__Data items__.

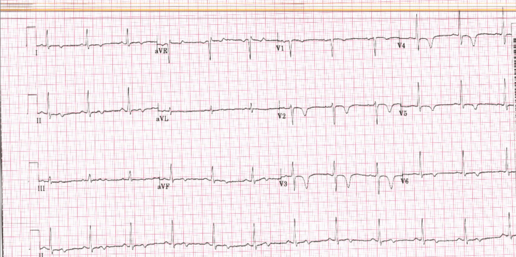 Is this Wellens syndrome? T-wave inversions in V1-V6, with Type B Wellens pattern in V2-V3? LAD stenosis? LikeLike Reply
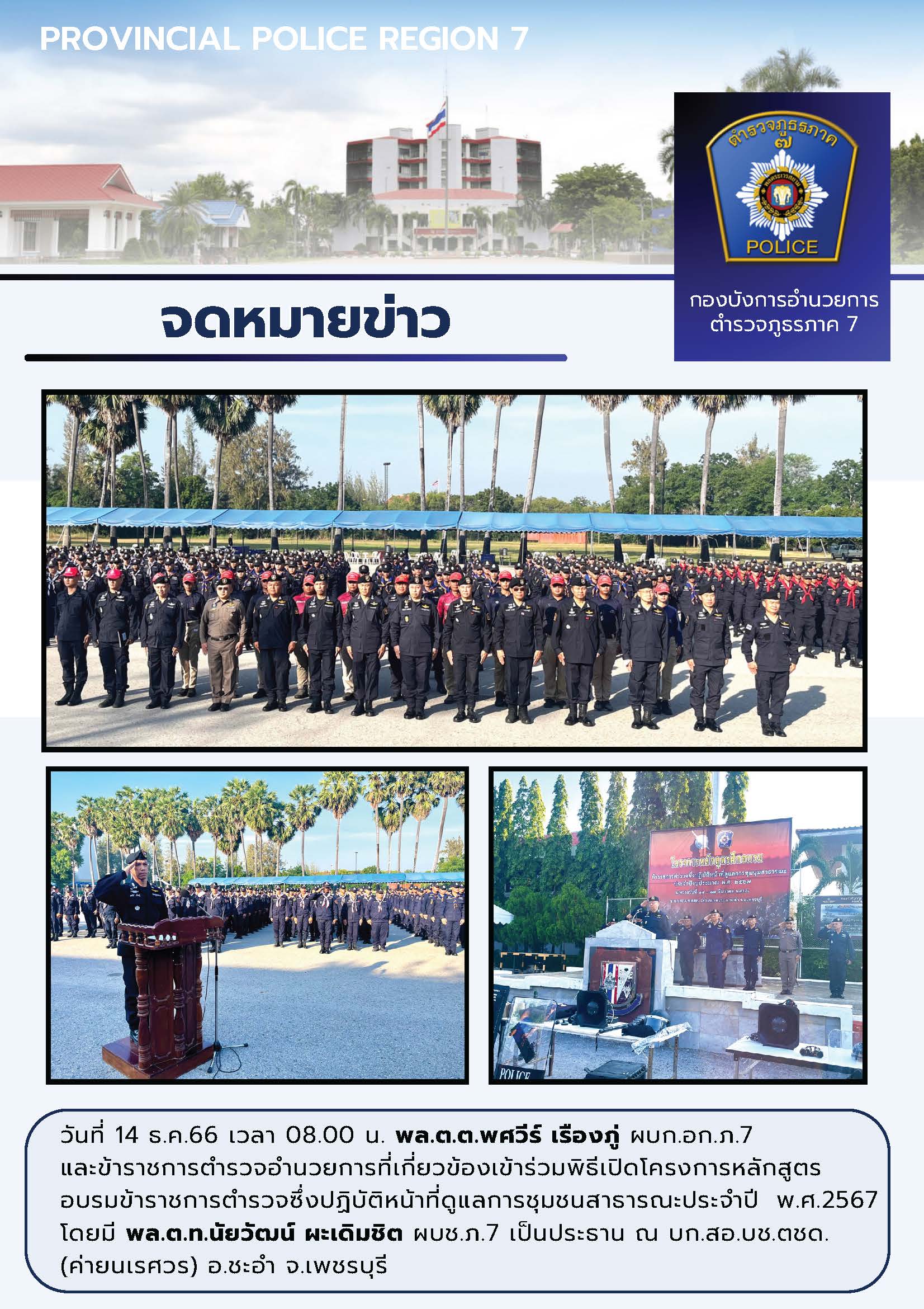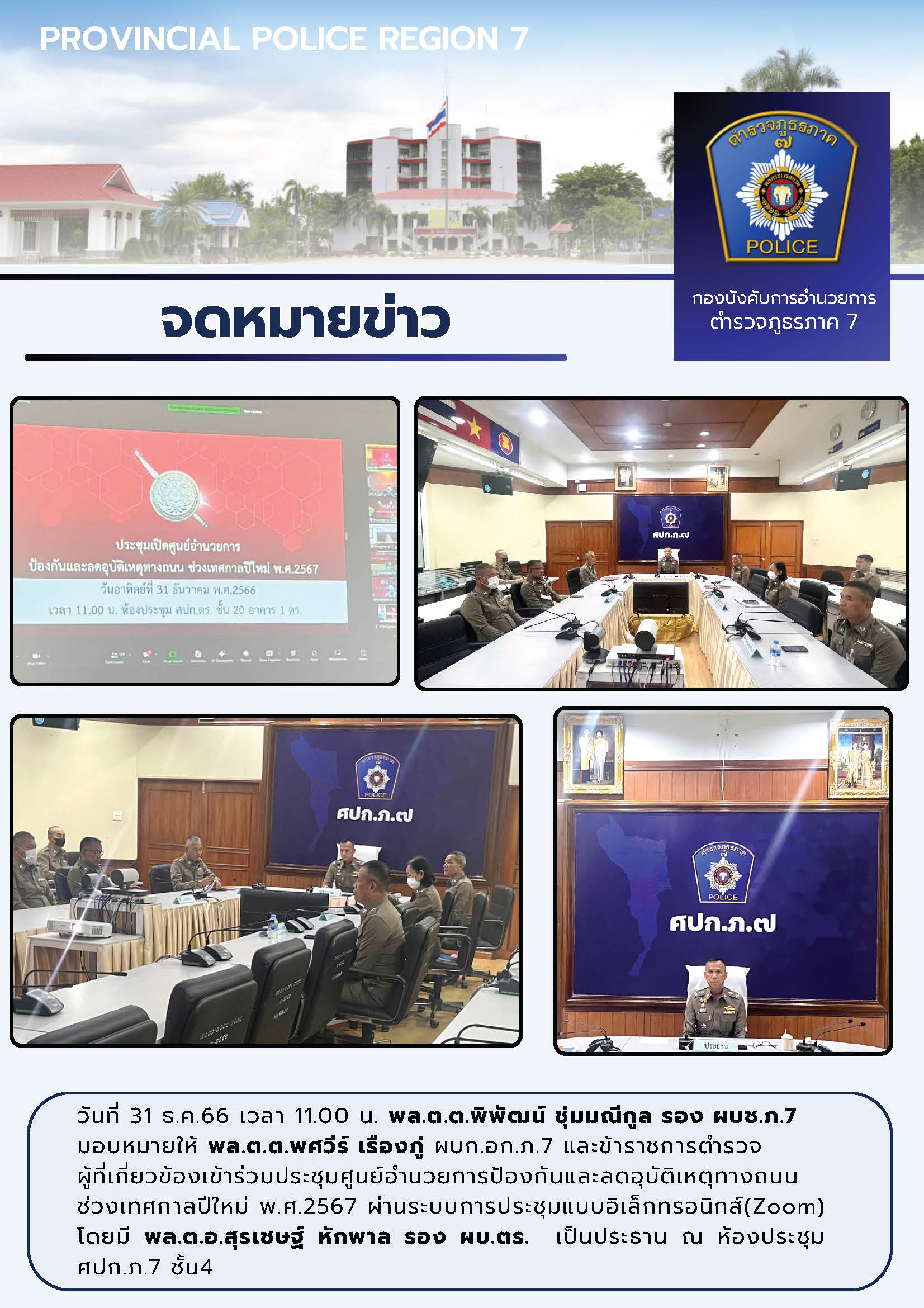 วันที่ 31 ธ.ค.66 เวลา 11.00 น. พล.ต.ต.พิพัฒน์ ชุ่มมณีกูล รอง ผบช.ภ.7 มอบหมายให้ พล.ต.ต.พศวีร์ เรื
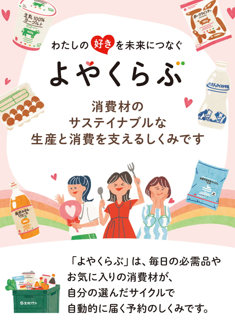 品目ごとに登録できる配達サイクルが異なります。品目ごとの配達サイクルは、上記のよやくらぶカタログ、または、eくらぶの「よやくらぶに登録」ボタンをタップすると表示される「よやくらぶ登録」画面でご確認ください。
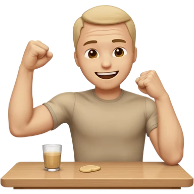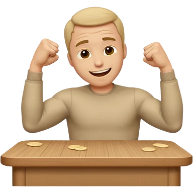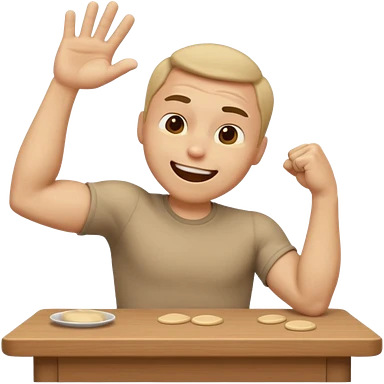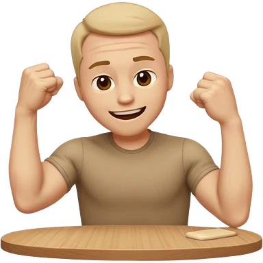 create a old style animated emoji with man leaning with forhead on left arm while hitting table repeatedly with right hand fist while laughing really hard so body shaking emoji
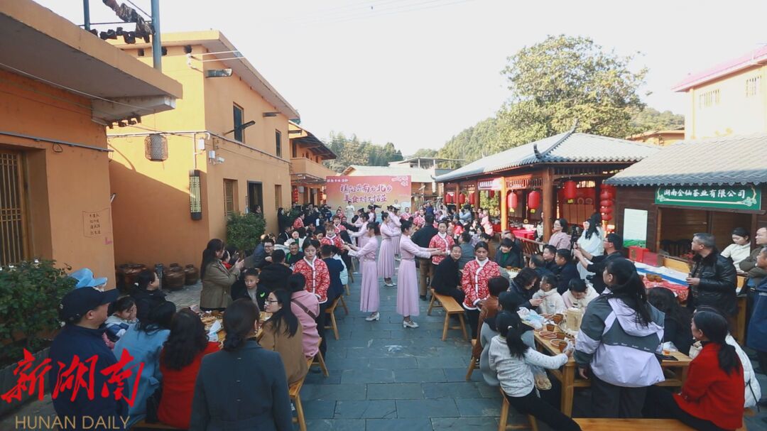 台下,美食展示区一字排开,饺粑、糍粑、油噍、蛋散、麻糯噍、芝麻花根、麻圆、绦环等桂阳传统名小吃蕴含着家的味道,让人垂涎欲滴。一道道美食,不仅是味蕾的享受,也是文化的载体,无不蕴含着一方水土的独特基因和生活智慧。“闻香而来”的游客们品小吃、寻年味,一饱口福,乐享“寻味之旅”。

__REQUIRED WORK__.
Print each line above exactly as it appears, excluding all images.

__EXPECTED OUTPUT__.
 Is this Wellens syndrome? T-wave inversions in V1-V6, with Type B Wellens pattern in V2-V3? LAD stenosis? LikeLike Reply
 วันที่ 31 ธ.ค.66 เวลา 11.00 น. พล.ต.ต.พิพัฒน์ ชุ่มมณีกูล รอง ผบช.ภ.7 มอบหมายให้ พล.ต.ต.พศวีร์ เรื
 品目ごとに登録できる配達サイクルが異なります。品目ごとの配達サイクルは、上記のよやくらぶカタログ、または、eくらぶの「よやくらぶに登録」ボタンをタップすると表示される「よやくらぶ登録」画面でご確認ください。
 create a old style animated emoji with man leaning with forhead on left arm while hitting table repeatedly with right hand fist while laughing really hard so body shaking emoji
 台下,美食展示区一字排开,饺粑、糍粑、油噍、蛋散、麻糯噍、芝麻花根、麻圆、绦环等桂阳传统名小吃蕴含着家的味道,让人垂涎欲滴。一道道美食,不仅是味蕾的享受,也是文化的载体,无不蕴含着一方水土的独特基因和生活智慧。“闻香而来”的游客们品小吃、寻年味,一饱口福,乐享“寻味之旅”。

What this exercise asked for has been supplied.